The advent of large language models (LLMs) has sparked interest among many biomedical KG communities, including those highlighted in Table 1, in how best to leverage the strengths of LLMs, while minimizing their weaknesses. The Translator Consortium has been actively exploring approaches for integrating LLMs and generative AI into the Translator system (also see “LLM Integration” within the Supporting Information, pp. 12–13). A number of approaches are in early development or under consideration, including a “summarization service” that generates high‐level summaries of results with key mechanistic explanations highlighted; an “edge summarization service” that generates publication‐supported summaries of specific edges in results; and a variety of embedding approaches such as a metadata standard created by the Translator Consortium called venomx that captures important metadata about embeddings.
4.1. Limitations
While Translator has numerous strengths and attractive features, it also has limitations. Even though Translator aims to return answers to user queries in a timely manner, the system can—for some queries—be slow and computationally expensive. A major goal of the next phase of development is to focus on performance improvements. Translator also is limited by the data modeling constraints inherent in KGs, for instance, the context, temporality, and high‐dimensionality of data. The Translator Consortium is working with the Biolink Model community to improve their modeling approaches in support of nuanced queries and richly decorated answers. Related, Translator currently does not consider quantitative factors such as dose, potency, and duration of exposure in queries (e.g., side‐effects of drug X at doses above Y mg/kg or toxicity of chemical X at concentrations above Y μg/mL). The system also does not support user filtering by quantitative metrics. However, Translator will return quantitative metrics in results, when provided by the underlying knowledge sources. Approaches for leveraging quantitative metrics are a topic of discussion with the Translator Consortium. Additionally, users should be aware that Translator intentionally conflates certain biomedical concepts such as genes and proteins, reflecting the conflation in the underlying knowledge sources. Likewise, provenance is limited by the underlying knowledge sources, sometimes resulting in an inability to accurately trace complex and incomplete trails of ownership and algorithmic transformations of primary data and knowledge. Finally, due to the federated nature of the system and ongoing optimization of scoring and filtering methods, the results obtained for the same query may change over time.

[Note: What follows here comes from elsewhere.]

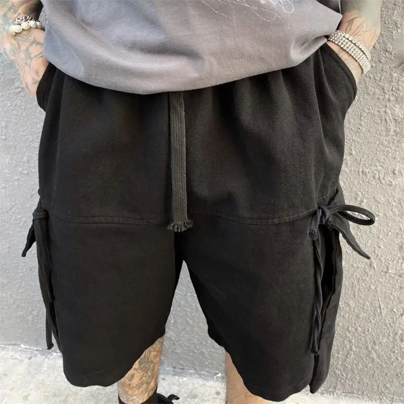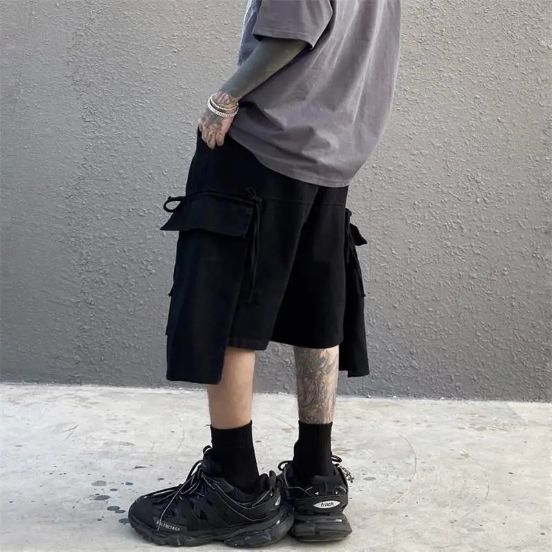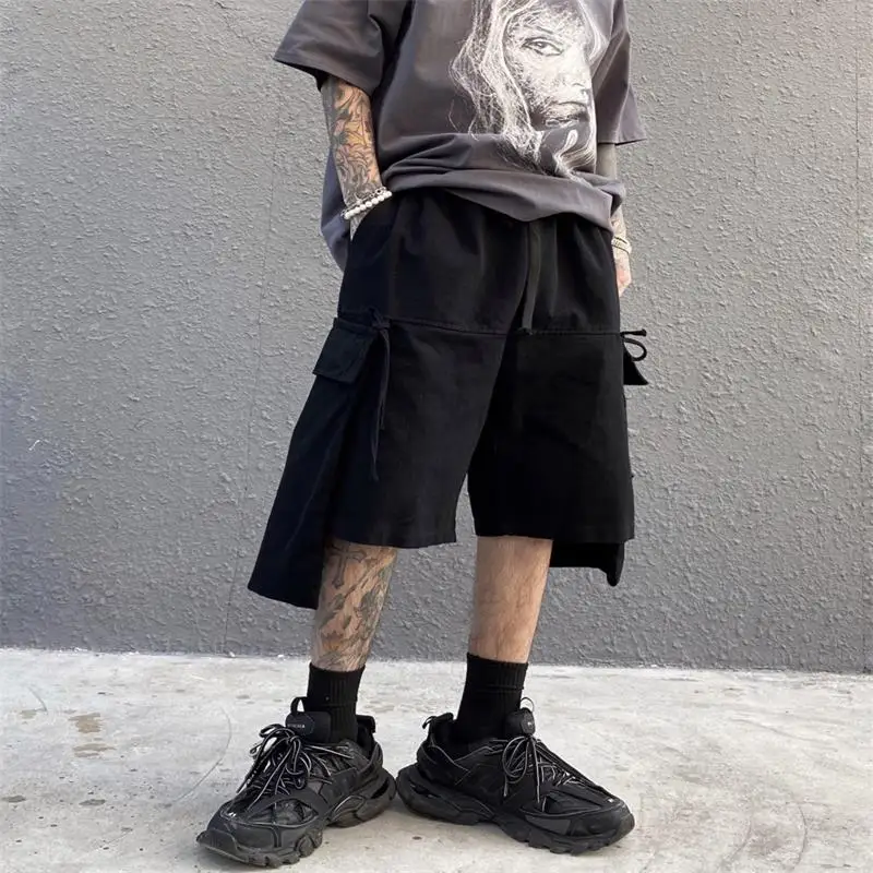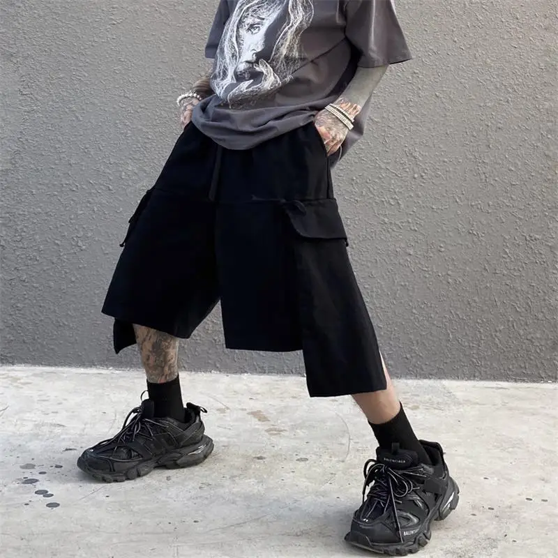 Threebooy Men's fashion trend irregular casual shorts personality hip-hop five-cent pants solid color plus size

4.2. Potential Future Directions
Translator remains in active development. While the Translator Consortium has not yet finalized or prioritized next steps, several possibilities are under discussion.
For example, we plan to extend the number and types of templated queries that are supported by the UI. One such query that is in development is the “pathfinder” query. Instead of asking “what drugs may treat disease X?” or “what gene's activity may be increased/decreased by chemical Y?”, the pathfinder query asks “how are entities X and Y related?” or “why does entity X interact with entity Y?” As such, pathfinder queries focus on explaining the relationship between entities by constructing paths between them. Paths are not required to be mechanistic, nor are they required to be direct, and predicates are agnostic, meaning that they are not specified by a user. Instead, pathfinder queries identify general paths between two entities, which may traverse through multiple intermediate nodes and invoke various predicates.

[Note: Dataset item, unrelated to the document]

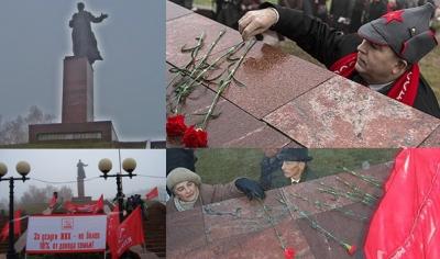 После митинга группа его участников проехала до площади Свободы, где были возложены цветы к памятнику вождя Великого Октября и основателя советского государства В.И. Ленина.

Another new type of query is the “set‐input” query, which allows a user to select a set of specified biomedical entities as input terms, as well as a general type of output entity, and Translator returns paths that match many, but not necessarily all, of the input terms. In contrast, a batch query, which is currently supported by Translator, allows users to enter multiple input terms for a query, but the query is then executed sequentially or in parallel when possible, with independent results returned for each input term. The set‐input query allows users to ask, for instance, “what genes are shared by a set of input phenotypes that characterize a patient with an undiagnosed rare disease?”
We also plan to improve and expand the scoring, ordering, and organizing of results that are displayed to users. For example, we may group gene sets based on their membership to the same biological pathway. In addition, we may add new filters and facets to the UI, for example, exposing the Clinical Information Score. This score represents drug‐disease associations as observed in real‐world patient data and is currently being used for scoring and ordering of results (see Supporting Information “Results Scoring and Annotation”, pp. 9–11 for details).

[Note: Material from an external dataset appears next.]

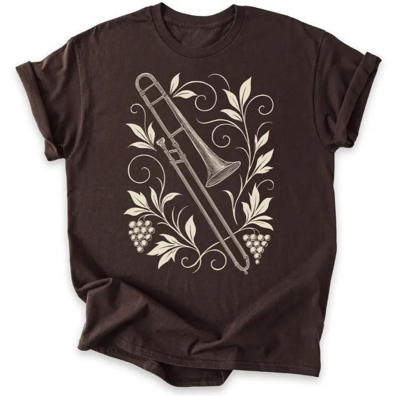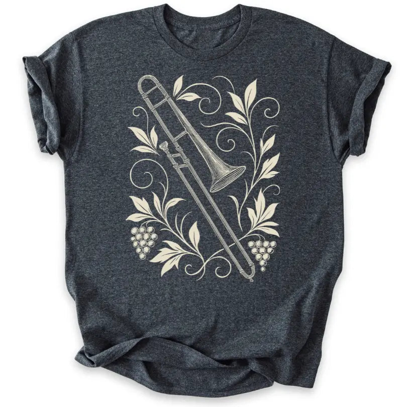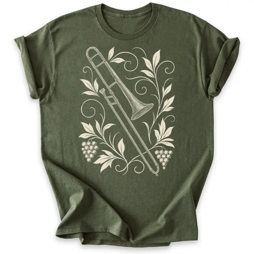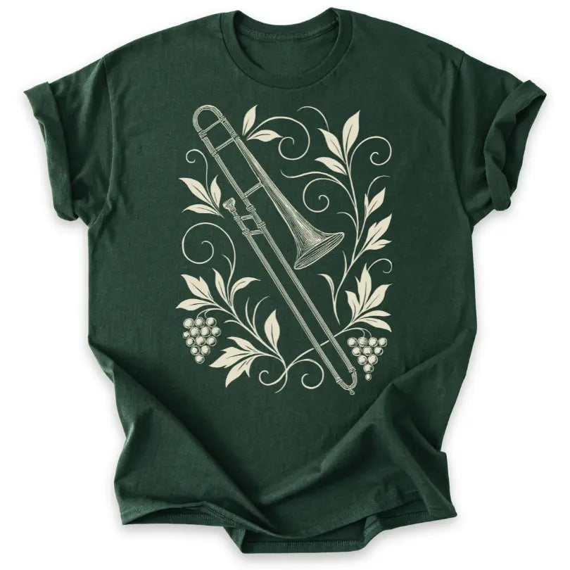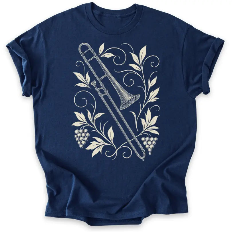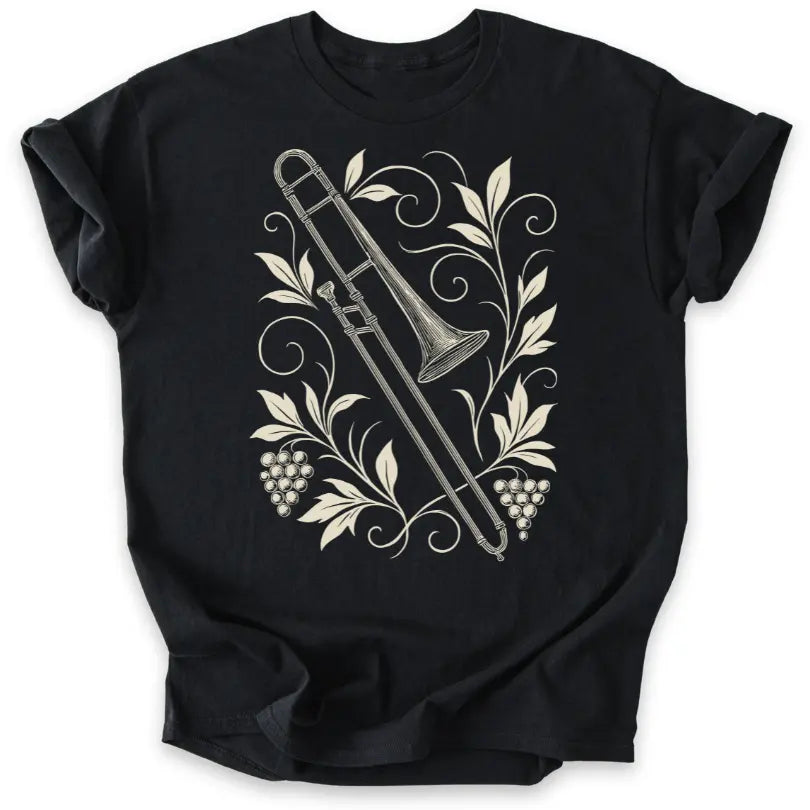 Dieses T-Shirt zeigt die Posaune in ihrer schönsten Form: umrahmt von Weinlaub und Tradition.

Another possible future direction is to expand the portfolio of workflow operations that are supported by Translator. For instance, we may want to chain workflow operations together in a manner that supports iterative and more complex queries.
Finally, with the major initial public release complete and the supporting infrastructure in place, the Translator Consortium is considering approaches to expand beyond its current team of software developers and end users in order to extend the reach of the program and the use of the Translator system, in support of open‐source software development, open team science, open community engagement, and long‐term sustainability. For example, we may offer “Bring Your Own data/knowledge to Translator” (BYOT) capabilities. One BYOT prototype, the Gene Network Inference For Expression Regulation (GenNIFER) application [49], overlays Translator gene regulation knowledge for validation of inferred gene regulatory networks derived from single‐cell RNA‐seq datasets. BYOT capabilities will allow external users to more readily engage with the Translator Consortium and contribute to development of the Translator system by expanding the knowledge sources supported by Translator, while also helping to sustain the underlying data and software infrastructure and facilitating the external user's own research.
Conflicts of Interest
S.E.B. and S.H. have received support from the NSF Convergence Accelerator Open Knowledge Networks to develop applications related to the SPOKE KG. All other authors declared no competing interests for this work.
Supporting information
Data S1
Appendix S1
Appendix S2
Acknowledgments
The authors are grateful to members of the Publications Committee at NCATS for their review and approval of the manuscript for submission. Additionally, the authors would like to acknowledge Translator program leadership and the extramural and intramural support provided by NCATS. We note that ChatGPT was used to generate the first draft of Table 1. The authors subsequently refined the content, independent of any artificial intelligence tool.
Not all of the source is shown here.